## Your objective
For this exercise, output exactly the lines from the opening line of the listing through the line with "Погрузитесь в уютное", skipping pictures.

## Material shown
+--

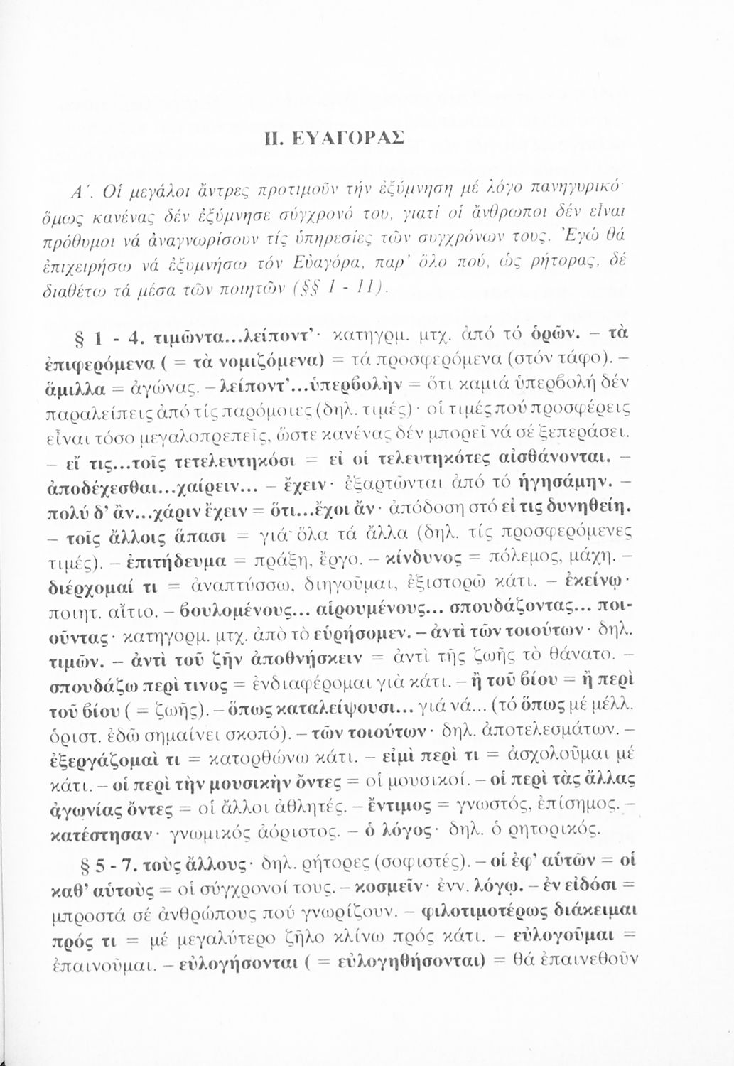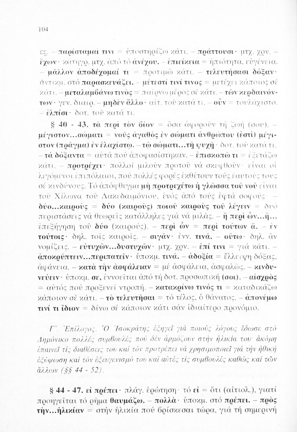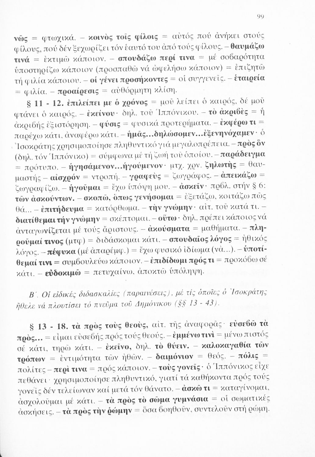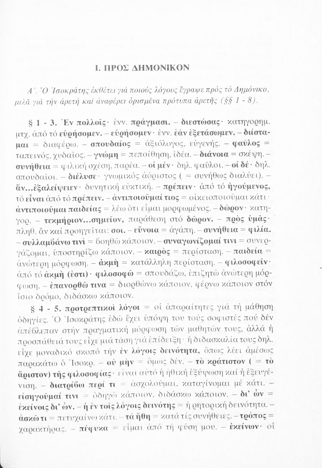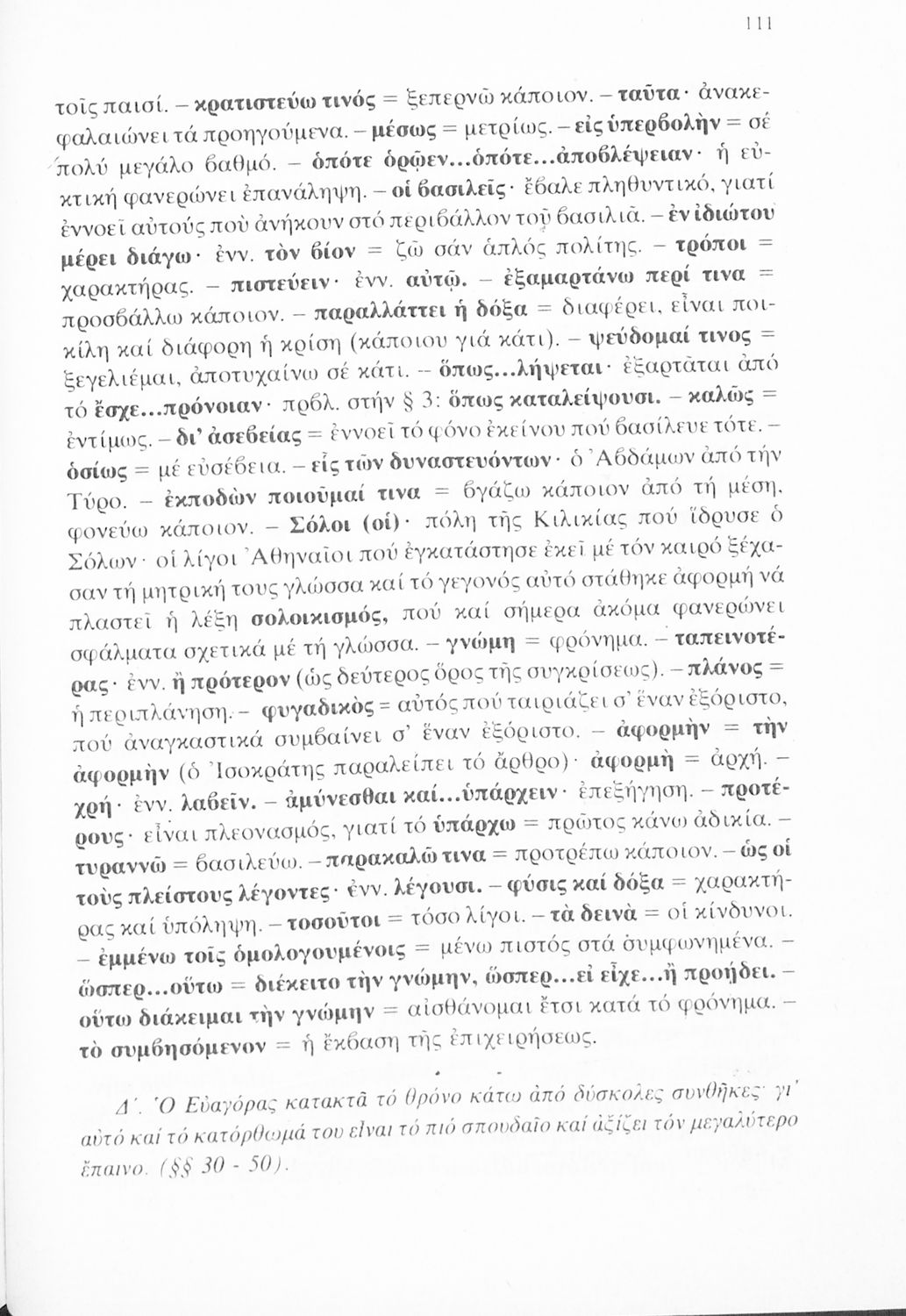 Σχολικό εγχειρίδιο Αρχαίων Ελληνικών Γ΄ Γυμνασίου που περιλαμβάνει εισαγωγή στη ζωή και το έργο του Ισοκράτη, τους Λόγους Προς Δημόνικον και Ευαγόρας και ερμηνευτικές σημειώσεις.
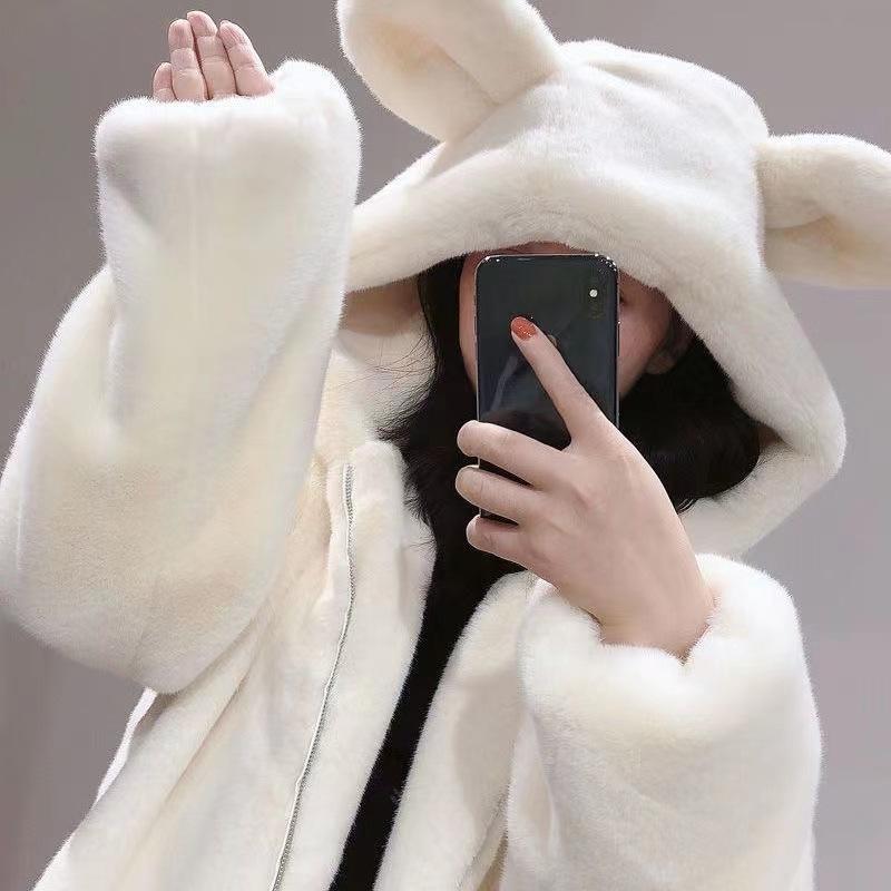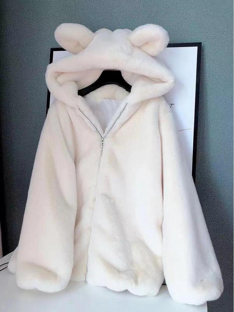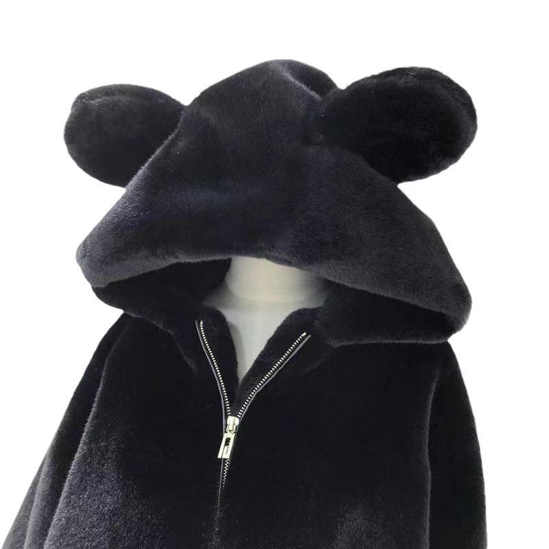 Погрузитесь в уютное тепло с этим плюшевым пальто средней длины, созданным для женщин, которые ценят стиль и комфорт.. Благодаря свободному крою это пальто идеально подходит для многослойной одежды, а длинные рукава сохранят тепло в прохладную погоду.. Капюшон не только обеспечивает дополнительную защиту от холода, но и дополнен очаровательными медвежьими ушками для игривого вида.. Изготовленное из толстого флиса с подкладкой из мягкого флиса, это пальто обеспечивает роскошную теплоизоляцию.. Идеально подходит для зимних прогулок, гармонично сочетая в себе практичность и уникальный, причудливый шарм.
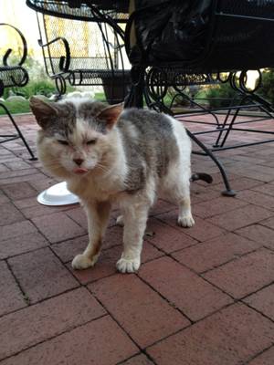 There is also an orange and white male with possible stomatitis/swollen mouth and a blind female cat with lupus that returned last night after being gone for 5 days, I was told she looks much worse than the male below. She has been feeding them outside for years. Now the family is moving to PA and the family does not have the funds for their care. They already have 8 cats and can't take on any more. No one in the neighborhood will feed them when she is gone.
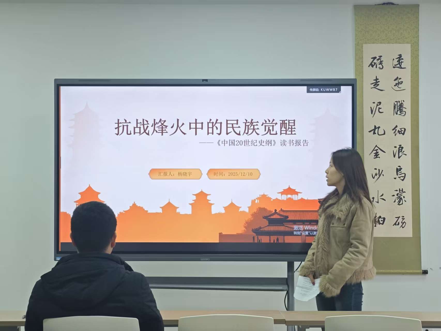杨晓宇同学分享金冲及先生的《二十世纪中国史纲》,她提到那些仁人义士的壮举,那些激动人心的场景,那些跌宕坎坷的遭际,清楚、自然、真实地展现在她眼前,引导她体会抗战中中国人民可歌可泣的民族情怀,体会那时共产党人的睿智眼光、宏伟心胸。今年距离抗日战争胜利已过去八十年,我们现代人已经拥有了越来越完善的社会保障,享受着安全自由的成长空间,使用着各种先进的技术和设备,国家也有越来越坚实的主权保障,因此,我们更应常怀感激,并以此激励自身,为国家的持续发展与和平未来承担起应有的责任。
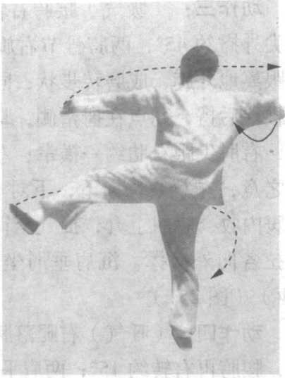 3 .图253拳势之后,另有一练法。右转身180。,身向东, 左脚向上、向右经面前以足底横扫,至正东面前,右手外旋自右 上向左以掌迎拍左脚底,声响干脆,叫做挂面脚。然后成图254 拳势,右转身左足高举跨下,故叫做“倒骑龙”。
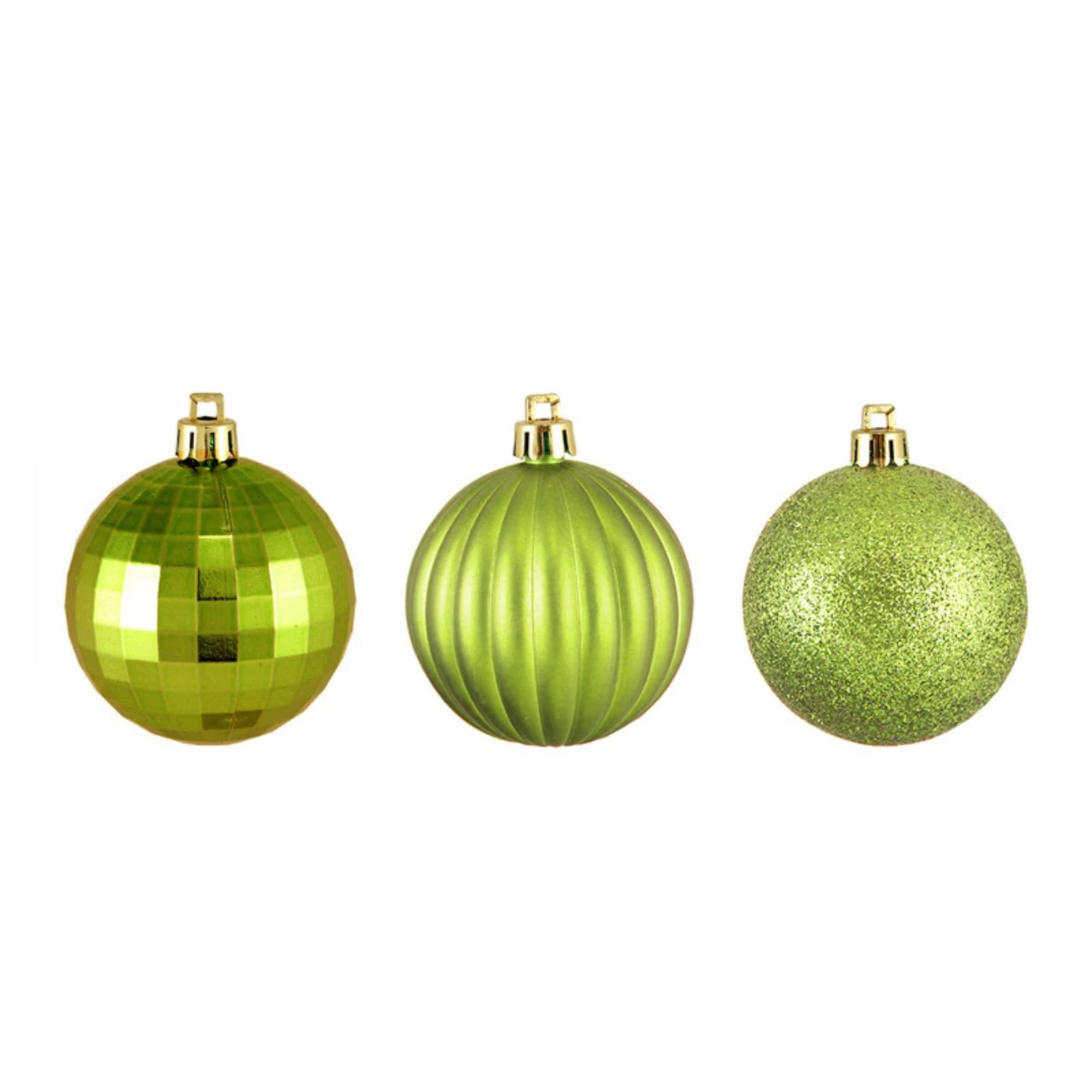Fill your tree with holiday cheer using the Northlight Green Kiwi 3 Finish Christmas Ball Ornaments – Set of 100. Complete with 100 ornaments, this set is crafted from plastic and finished in a bright green color. The balls shaped designs feature textured accents to add subtle glittering style.
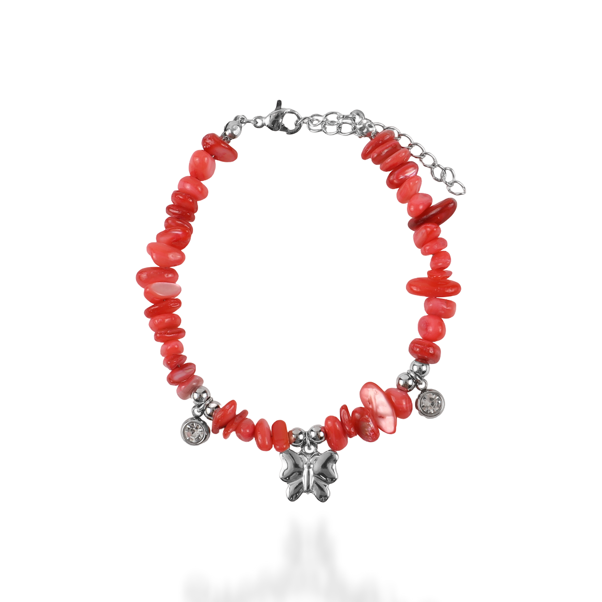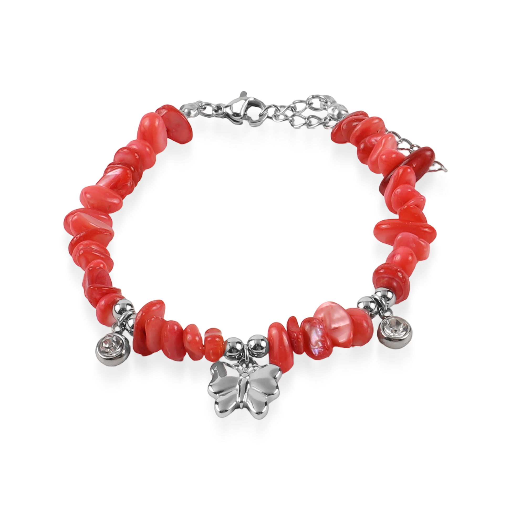 Χειροποίητο βραχιόλι με φυσικά κοράλια Mar and Mar Naida (Red) από ανοξείδωτο ατσάλι

+--

## Task output
 Σχολικό εγχειρίδιο Αρχαίων Ελληνικών Γ΄ Γυμνασίου που περιλαμβάνει εισαγωγή στη ζωή και το έργο του Ισοκράτη, τους Λόγους Προς Δημόνικον και Ευαγόρας και ερμηνευτικές σημειώσεις.
 Погрузитесь в уютное тепло с этим плюшевым пальто средней длины, созданным для женщин, которые ценят стиль и комфорт.. Благодаря свободному крою это пальто идеально подходит для многослойной одежды, а длинные рукава сохранят тепло в прохладную погоду.. Капюшон не только обеспечивает дополнительную защиту от холода, но и дополнен очаровательными медвежьими ушками для игривого вида.. Изготовленное из толстого флиса с подкладкой из мягкого флиса, это пальто обеспечивает роскошную теплоизоляцию.. Идеально подходит для зимних прогулок, гармонично сочетая в себе практичность и уникальный, причудливый шарм.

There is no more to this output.